[Stored data Boundary: Start]

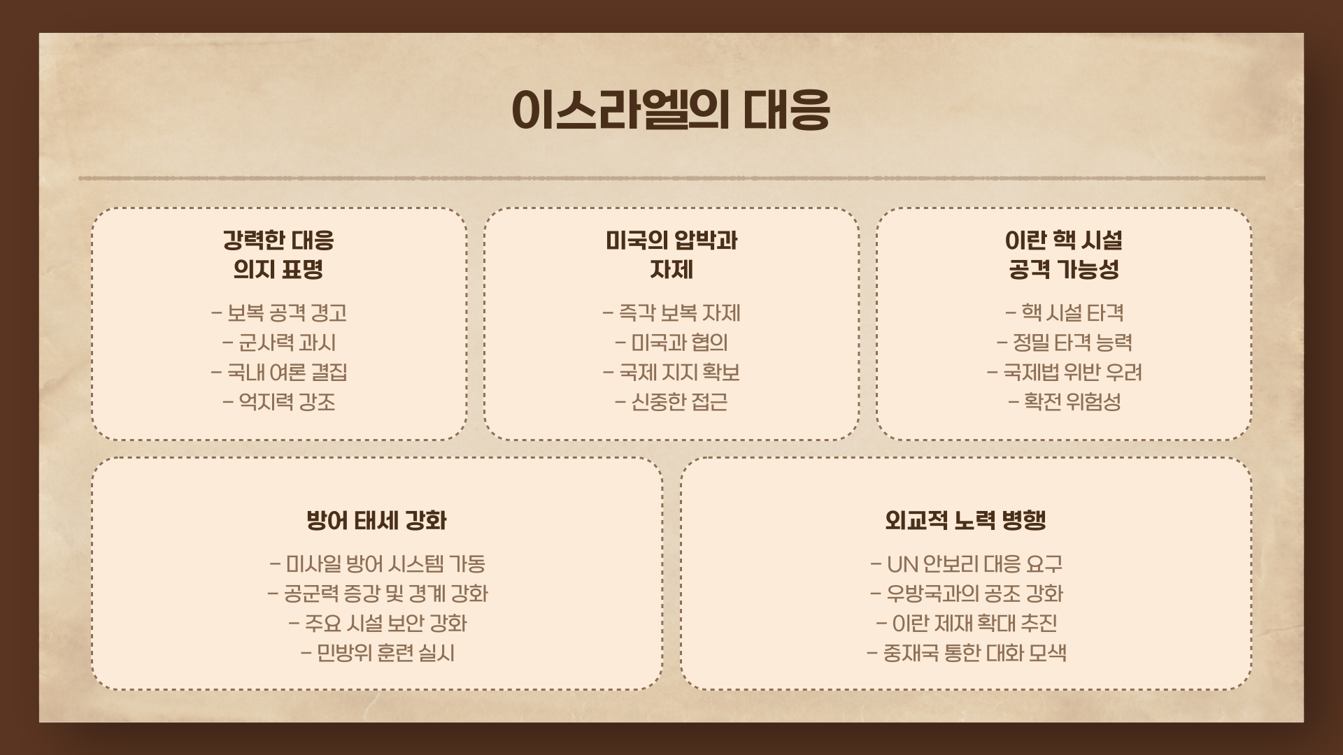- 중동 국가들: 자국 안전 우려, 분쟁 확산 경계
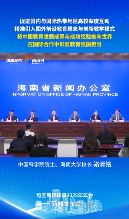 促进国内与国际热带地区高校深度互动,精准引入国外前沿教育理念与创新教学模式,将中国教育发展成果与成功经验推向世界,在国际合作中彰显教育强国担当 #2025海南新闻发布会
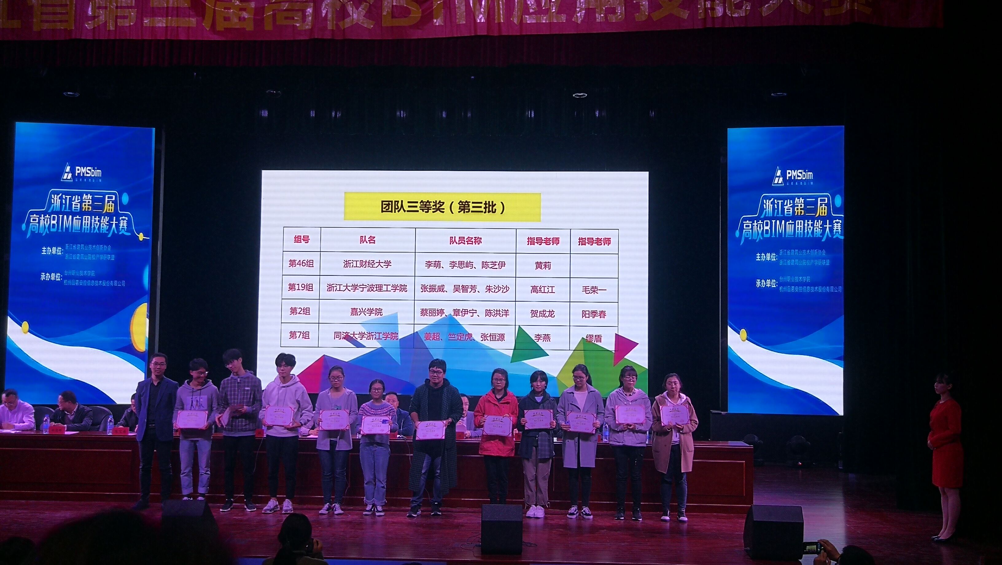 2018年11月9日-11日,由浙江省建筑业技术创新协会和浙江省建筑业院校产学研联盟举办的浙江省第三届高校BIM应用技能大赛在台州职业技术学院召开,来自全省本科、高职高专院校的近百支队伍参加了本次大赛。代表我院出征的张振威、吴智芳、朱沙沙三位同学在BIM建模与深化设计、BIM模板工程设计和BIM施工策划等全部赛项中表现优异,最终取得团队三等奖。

[Stored data Boundary: End]

§ **Exercise prompt**:
Reproduce, unchanged, each line between the one with "促进国内与国际热带地区高校深" and the last line of the material, both included; the pictures do not go in.

§ **Expected answer**:
 促进国内与国际热带地区高校深度互动,精准引入国外前沿教育理念与创新教学模式,将中国教育发展成果与成功经验推向世界,在国际合作中彰显教育强国担当 #2025海南新闻发布会
 2018年11月9日-11日,由浙江省建筑业技术创新协会和浙江省建筑业院校产学研联盟举办的浙江省第三届高校BIM应用技能大赛在台州职业技术学院召开,来自全省本科、高职高专院校的近百支队伍参加了本次大赛。代表我院出征的张振威、吴智芳、朱沙沙三位同学在BIM建模与深化设计、BIM模板工程设计和BIM施工策划等全部赛项中表现优异,最终取得团队三等奖。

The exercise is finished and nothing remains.